EXHIBIT 5 [Letterhead of] CRAVATH, SWAINE & MOORE February 24, 1997 FactSet Research Systems Inc. Form S-8 Registration Statement Dear Sirs: We have acted as counsel for FactSet Research Systems Inc., a Delaware corporation (the "Company"), in connection with the Registration Statement on Form S-8 (the "Registration Statement") being filed by the Company on the date hereof with the Securities and Exchange Commission (the "Commission") under the Securities Act of 1933, as amended (the "Securities Act"), with respect to 2,450,000 shares of Common Stock, par value $.01 per share, of the Company (the "Common Stock"), which may be issued pursuant to the 1994 Stock Option Plan and the 1996 Stock Option Plan (together, the "Plans"). In connection with the foregoing, we have examined originals, or copies certified or otherwise identified to our satisfaction, of such documents, corporate records and other instruments as we have deemed necessary or appropriate for the purpose of this opinion. Based upon the foregoing, we are of opinion that the Common Stock is validly authorized and, when issued under the Plans in accordance with the terms thereof for consideration having a value not less than the par value thereof, will be legally issued, fully paid and nonassessable. We hereby consent to the filing of this opinion as an exhibit to the Registration Statement. In giving this consent, we do not thereby admit that we are within the category of persons whose consent is required under Section 7 of the Securities Act or the Rules and Regulations of the Commission promulgated thereunder.

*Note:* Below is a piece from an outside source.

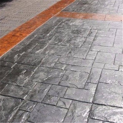 5、使用藝術地坪模具對地坪面層進行紋理處理。藝術地坪模具應配套使用,首先確定好紋理的分布方向,選好一塊模具放置的位置和角度,然后其它的模具依次緊貼一塊模具放置。彩色混凝土藝術地坪壓模采用壓模,壓模應由技術較好的人員進行作業以保證壓紋深度一致和模具放置的準確性。
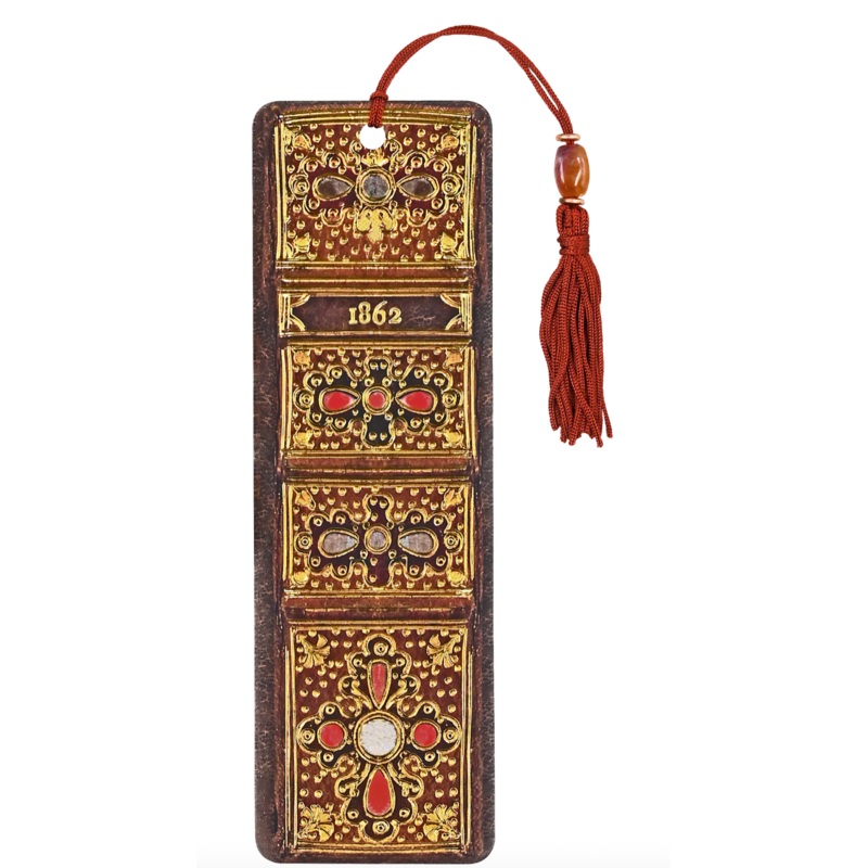 Elegant bookmark depicts the spine of an antique book!Attached: A silky tassel with hand-selected accent beads.Premium bookmark is printed on sturdy, smooth-finish card stock.Design is embellished with gold foil highlights.Bonus utility on the back: A hand

Very truly yours, /s/ Cravath, Swaine & Moore FactSet Research Systems Inc. One Greenwich Plaza Greenwich, CT 06830
EXHIBIT 23(a) CONSENT OF INDEPENDENT ACCOUNTANTS We hereby consent to the incorporation by reference in this Registration Statement on Form S-8 of our report dated October 4, 1996 appearing on page 33 of FactSet Research System Inc.'s Annual Report on Form 10-K for the year ended August 31, 1996. /s/ PRICE WATERHOUSE LLP PRICE WATERHOUSE LLP New York, New York February 19, 1997
EXHIBIT 24 POWER OF ATTORNEY Contained on signature page.